Wenn der Kanzler die lange erwartete und in sämtlichen Medien von allen schlauen Chefredakteuren bereits vorab gehaltene „Rede an die Nation“ endlich selbst hält, dann wundert sich der Kulturschaffende kaum noch. Kein Wort über die kränkelnde Kulturszene und die sie vermarktenden Firmen und Einzelkämpfer, wo es auch um Arbeitsplätze und deren Abbau oder eine Schaffung derselben geht; kein Wort über Urheberrecht im Zeitalter ausufernder Marken- und Ideen-Piraterie, welche im www inzwischen neben der Musikbranche auch die Film- und Buchproduzenten zu spüren bekommen; kein Wort über den Wert der Kreativität im Lande, welche bekanntlich im Exportland den Erfindergeist erst so richtig auf Trab bringt; kein Wort über Musikunterricht im Zeichen des schiefen deutschen Bildungsturms von PISA, wo alte wissenschaftliche Studien über den hohen Stellenwert der Musik auf das Lern- und Sozialverhalten der Schüler bei PISA-Gewinnern wie Finnland in der Realität bewiesen werden und Hinweis auf deren intakte Musikkultur in Schule und Gesellschaft sind.

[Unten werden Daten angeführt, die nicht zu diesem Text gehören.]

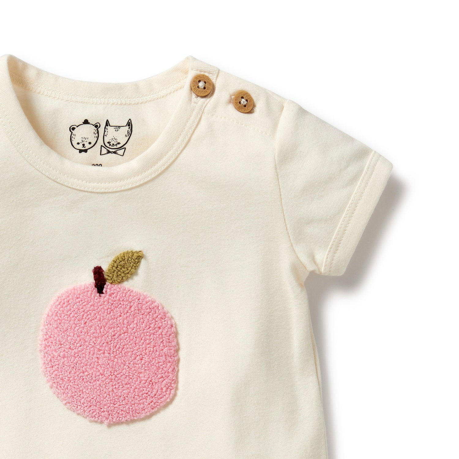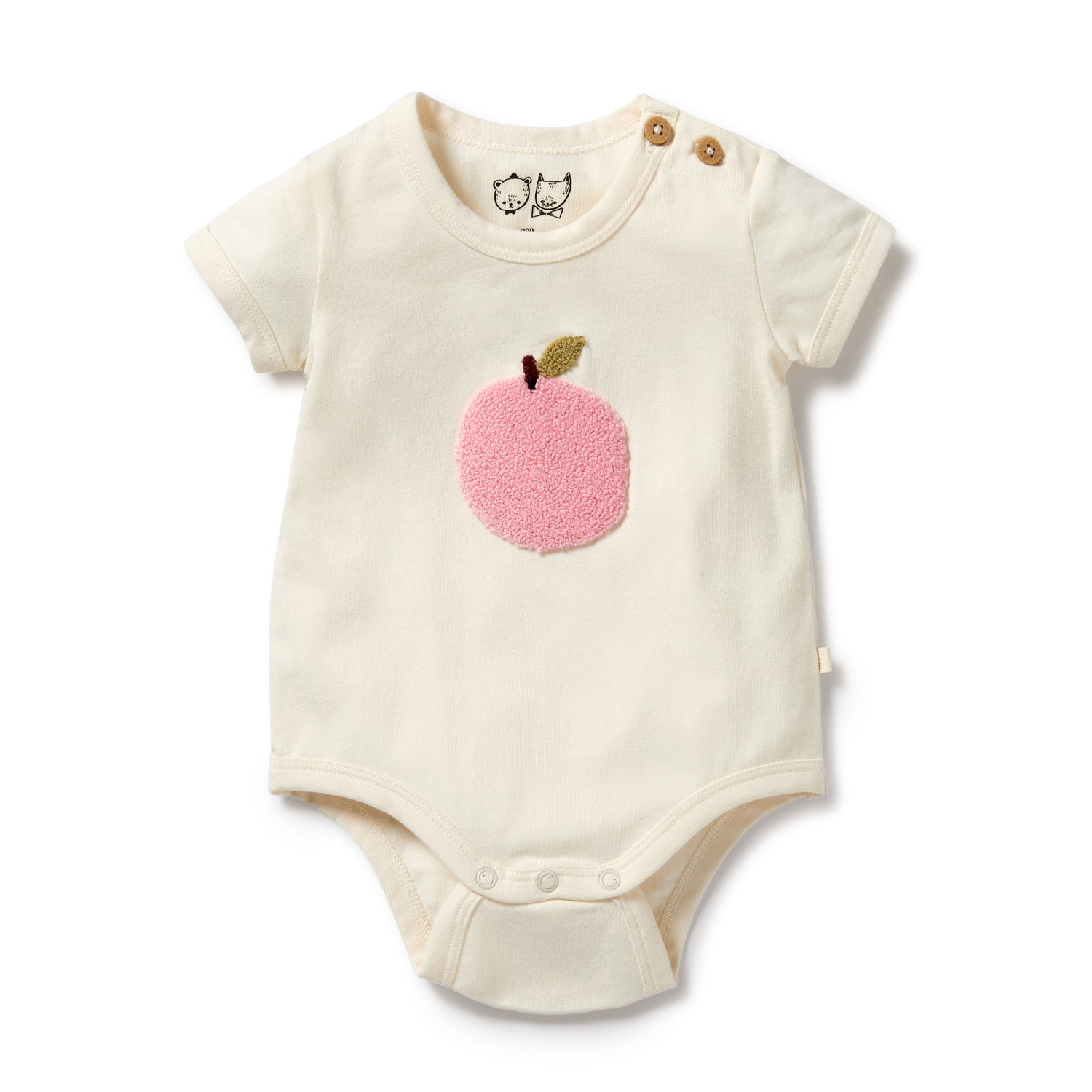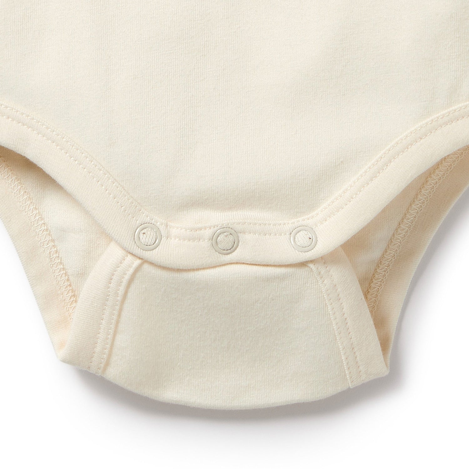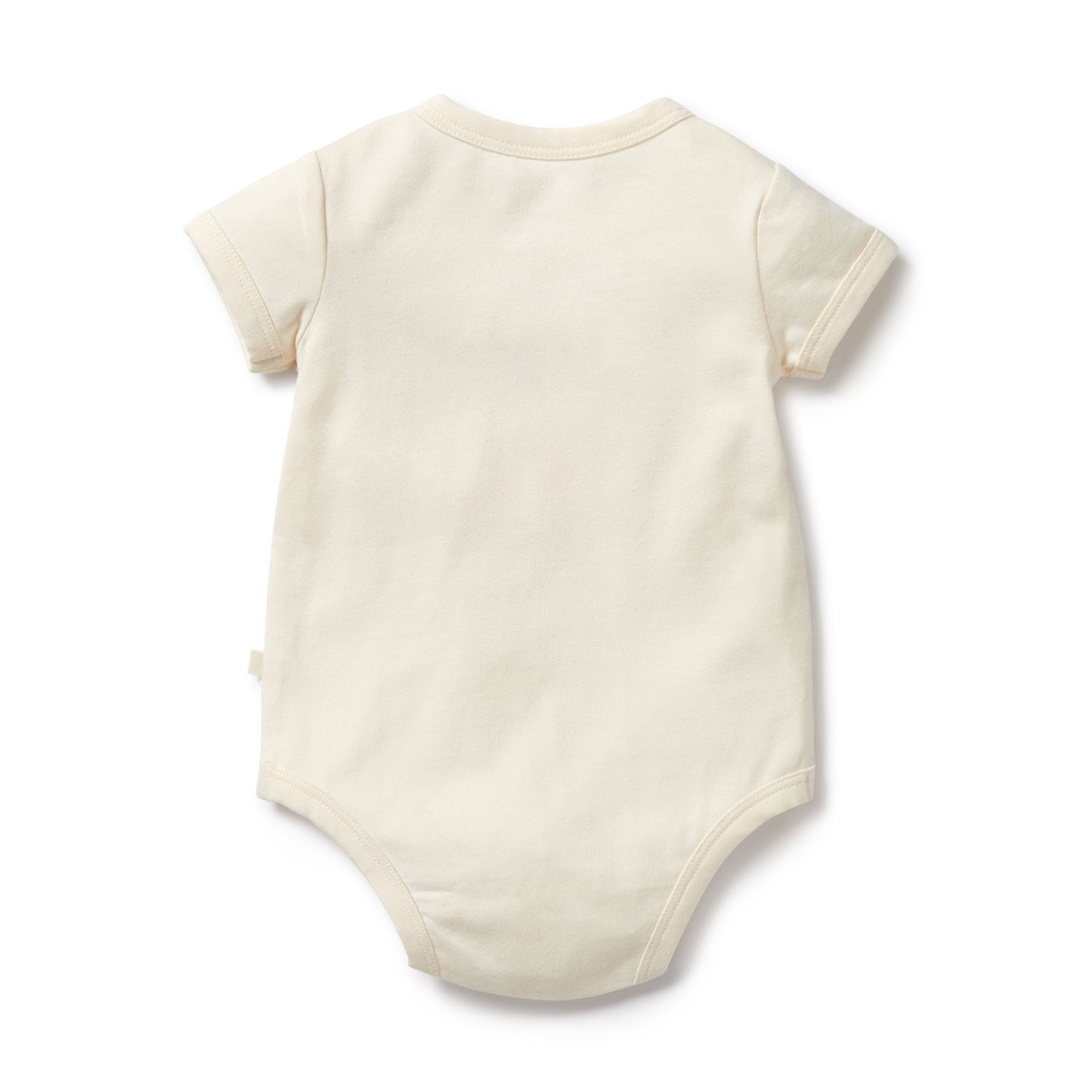 Key Features: Short Sleeved. Side neck opening with mock wood buttons. Snap leg closure for easy changes. Made with GOTS certified organic cotton. Australian owned and designed. Packaged in a bio-degradable bag.
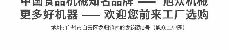 廣州旭眾食品機械有限公司是一家集科研開發,生產設計,營銷服務為一體的現代化生產企業。現代化生產車間,精湛制造技術,所產機械歷經市場重重考驗,不斷贏得海內外客戶的贊譽。
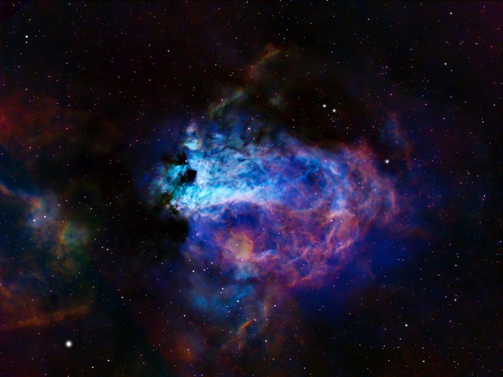 I have learned a lot about narrowband processing while working on this image, and I’ve gotten a lot of useful pointers from the folks at the astrobin forums.
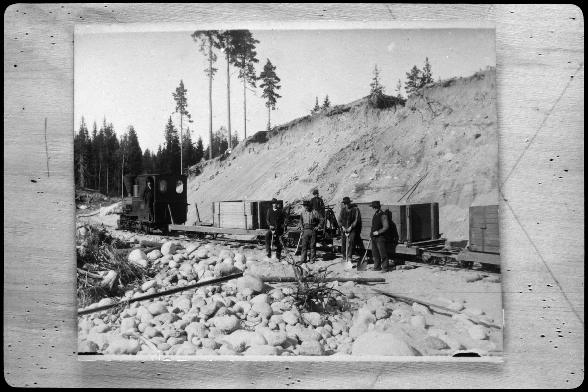 Ångtåg med lok 1 i Västeruds grusgrop. Fjädervagn lastad med grusskymme närmast loket och därefter provisoriska grusvagnar.

Worte für Kultur werden bei uns zunehmend Okkupanten überlassen, die sich dann nicht selten wie der viel zitierte Elefant im Porzellanladen aufführen. Ob „junge Wilde“ in der Kulturvermarktung und den Medien mit ihrem übertriebenen Hang zum „totalen Event“ oder „alte Säcke“ in Feuilleton, Politik oder Industrie mit ihrer bedenkenträgerischen Undynamik – Deutschlands Reformstau wird im Kultursektor dramatisch deutlich reflektiert. Und in der Politik gehen sowieso langsam die Lichter aus. Aus den Kreisen der Kultusministerkonferenz dröhnt ein Ächzen und Stöhnen, man schleppt schweren Bildungsballast ins neue Jahrtausend, jetzt muss aber – endlich! – Schluss sein mit musischem Restschnickschnack, jetzt gibt‘s was naturwissenschaftliches hinter die Rotzlöffel. Außerdem will man nun auch Ausländer besser integrieren. Hört, hört.
Die integrieren sich aber nirgends besser als im vernachlässigten Kulturbeet, was Schriftsteller wie Feridun Zaimoglu und Popstars wie Xavier Naidoo sprachvirtuos präsentieren. Wenn bei fünf Millionen Arbeitslosen Tristesse um sich greift, muss neben sozialem Halt auch die Würde des Menschen bewahrt werden, auch das bedeutet Integration – denn der Mensch lebt nicht vom Brot, vom Geld, vom Job allein. Er kann aber inmitten sozialer Depression sein Heil in der Kultur suchen und dort einen Job finden, was Teil der Popgeschichte ist und an Kinder der Arbeiterklasse wie Rod Stewart erinnern lässt. Das aber ist eine kulturelle Erkenntnis und mehr als sentimentale Erinnerung. Elefanten in Porzellanläden brauchen aber keine Kultur und kein Gedächtnis, sie trampeln über alle Probleme hinweg, mal sehen, ob‘s dann hilft.